In nineteenth-century England, divorce was expensive. Therefore, the wives were sold at auction

In nineteenth-century England, divorce was expensive. Therefore, the wives were sold at auction

Categories: History | Society

Now just try to infringe on a woman's rights — feminists will break their horns in a moment. But in the old days things were different. After marriage, the ladies, in fact, became the property of their husbands. And they did whatever they wanted. In England, for example, when wives got bored, the spouses could simply sell them. Moreover, we are not talking about the dense Middle Ages, but about the XVIII-XIX centuries.

In nineteenth-century England, divorce was expensive. Therefore, the wives were sold at auction

The procedure was arranged according to the auction principle. The husband brought his wife to the square, holding the leash, the woman went up to the stage, and the bidding began. The lady went to the one who offered the highest price. Such an event is described in colors in Thomas Hardy's novel "The Mayor of Casterbridge", written in 1886. The main character sells his wife, after which the pangs of conscience drive him to the grave.

A French engraving of 1820 about the sale of wives in England.

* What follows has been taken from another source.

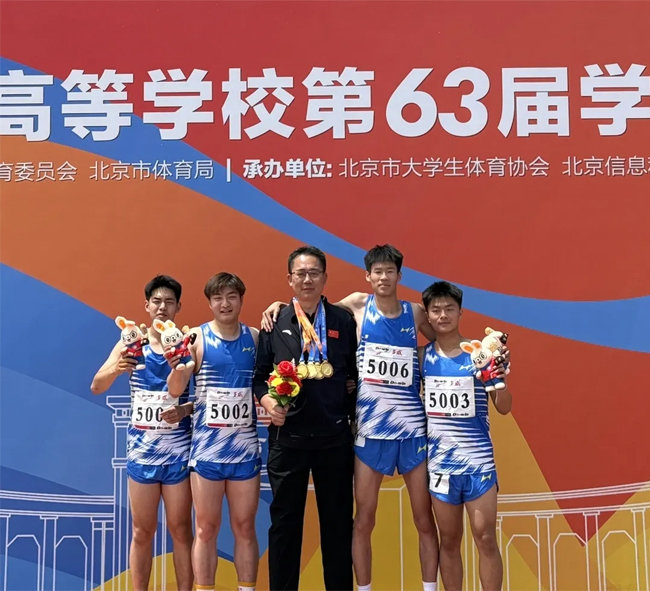 在男子4*100米接力项目中,来自24机电3班王佳华、陈炜奇,24机电5班范俊杰,24家政1班谭斯宇,四位运动员凭借近乎完美的配合,力压群雄斩获分量最重、含金量最高的男子4*100米金牌,这是北京劳动保障职业学院田径队建队以来首次斩获该项目金牌。

One of the earliest recorded sales took place in 1733, which is known for certain due to the fact that newspapers actively covered such events. A certain Samuel Whitehouse auctioned off his faithful Mary Whitehouse for one pound sterling. The buyer, Mr. Griffiths, had to "accept a woman with all her flaws." 

Another spouse was put up for sale with an initial price of one penny. It's no wonder that lonely farmers almost got into a fight, wanting to get it. In the end, they agreed on five shillings and sixpence. 

An English nobleman heading to Smithfield Market with the goal of becoming a bachelor and earning some money at the same time.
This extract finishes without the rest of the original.